The head office manages four subsidiaries covering internet, pay television, technology and print media.

Most of the minority and majority-stake investments by the MIH investment team at Naspers have fallen into the internet division as the company backs local entrepreneurs to leverage the ways the internet is shaping consumer behaviour at different times around the world.

In an interview with news provider Economist, Roux said: “This international presence allows the [MIH portfolio] firms to apply lessons they have learned in one country to another. We spend an enormous amount of time on sharing knowledge.”

This so-called “geographical arbitrage” looks at a country’s gross domestic product and internet connectivity and then builds a business based on free communication tools and other services and virtual goods, such as in games or e-commerce.

As chief executive of the internet division since 2002, therefore, Roux was in charge of Naspers’ fastest-growing segment, which in the company’s latest financial results helped drive an earnings increase of 15% and group revenues of R39.5bn ($4.8bn).

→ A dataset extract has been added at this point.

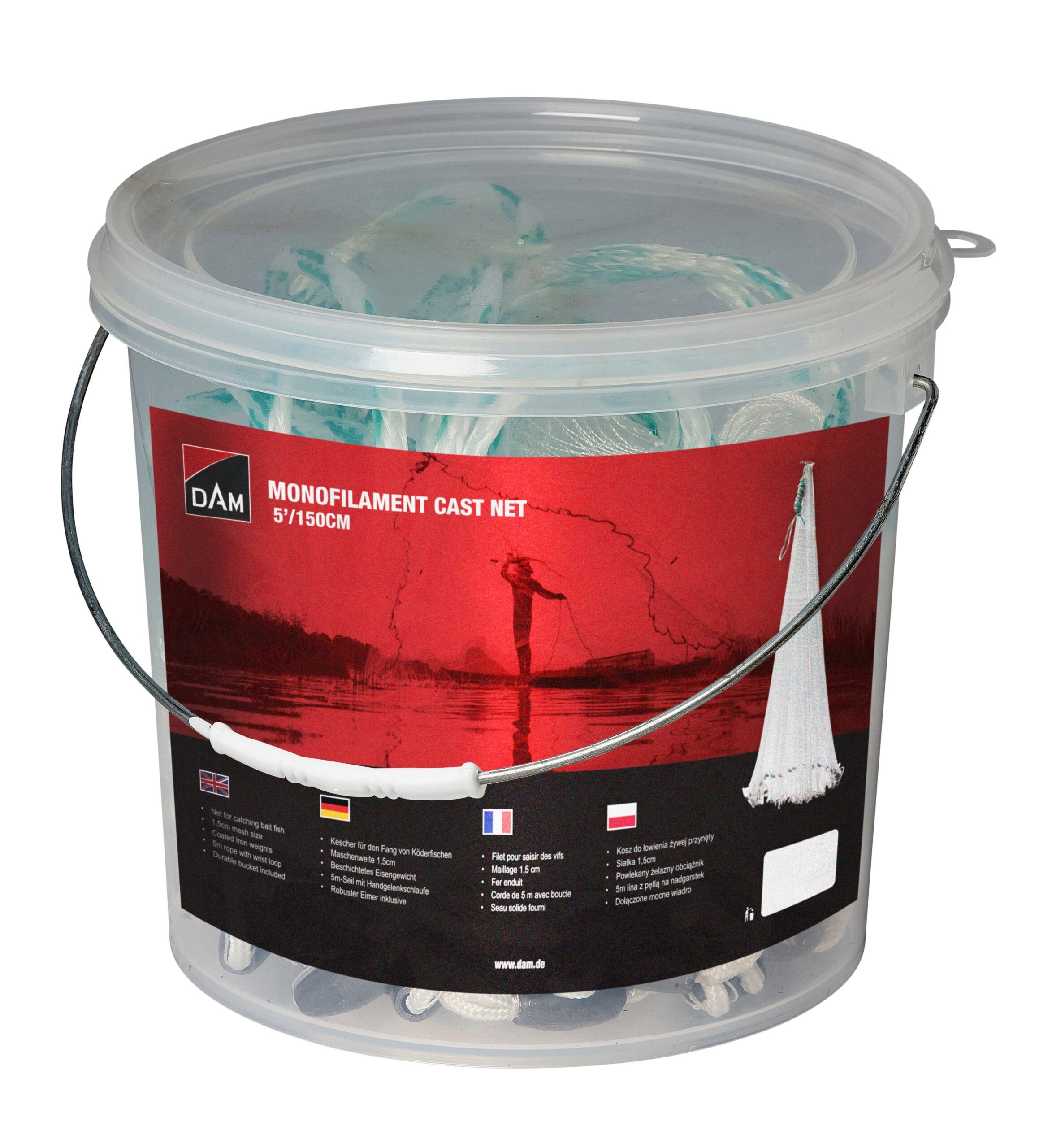 Plasa de aruncat Dam Manitoba Mono, ochiuri 1,5 cm, 150x150 cm, plumb din fier, franghie 5 m, galeata inclusa

The primary portfolio companies within Naspers are two listed companies managed by Charles Searle – China-listed media group Tencent, which has a market capitalisation of about $57bn, of which Naspers owns about a third, and Russia-based internet services provider Mail.ru, which listed on the London Stock Exchange last year and owns minority stakes in US-listed social media groups, including Facebook.

While these two investments dominate Naspers’ value, Roux expanded the internet holdings globally, especially in the markets with the largest populations and largest numbers of software developers, including Brazil, India, the Philippines and sub-Saharan Africa.

Roux was in 1985 a co-founder, along with Bekker, of Naspers’ pay-TV subsidiary, MNet, six years after he joined the company as a junior technician on the company’s main newspaper, Nasionale Pers, representing mainly white South Africans under apartheid.

MNet’s success drove most of the group’s revenue growth before Roux moved internally in 1997 to set up the company’s internet service provider, MWeb South Africa.

Initially, Naspers tried to replicate the MWeb model in other countries using expatriate workers before changing its strategy to look at communications and social networking companies run by locals.

As Roux told Daily Maverick: “The biggest lesson we learned is that you don’t invest in a product or an income statement. You invest in a local team. Now we find the best local teams we can get, people we can trust, and then do everything we can to support them.”

The greatest examples of this approach are Tencent and Mail.ru, in which Naspers has yet to sell a share during or after their flotations but instead reaps dividends – about $60m this year from Tencent and $230m from Mail.ru.

Naspers facilitates lessons to be shared by the entrepreneurs working in its myriad holdings around the world with regular meetings where it pays for accommodation and picks up the bar bill.

Those that knew Roux describe him as having the “attention span of a mosquito, and he was sometimes insufferably arrogant” but as “an amazing team-builder”, motivator of people and true believer in the transformative power of the internet.

Though Roux led Naspers occasionally into trying to apply models in underdeveloped regions, such as the use of Tencent’s QQ instant messaging service in South Africa, being prepared to risk a failure has helped it expand the services offered in a textbook example of reverse innovation.

As Roux’s email signature reportedly said: “Only if there is a large problem is there a large opportunity.”

In a remembrance website for Roux, a host of colleagues and friends described Roux fondly. Jacques van Niekerk said: “In the years I worked for Antonie I learned to value his keen insight into people and his knowledge of the industry.

“I admired his intolerance of nonsense and his warmth to others. One always knew where one stood with him – he was true of heart and mind. It was a privilege to have known him as a great boss and an exceptional person.”

John Lo, chief financialofficerof Tencent, said: “I miss Antonie and will always remember his committed, passionate and energetic character.”

Roux is survived by his wife, Sonja, and three children. He died following surgery, having been reportedly diagnosed with pancreatic cancer.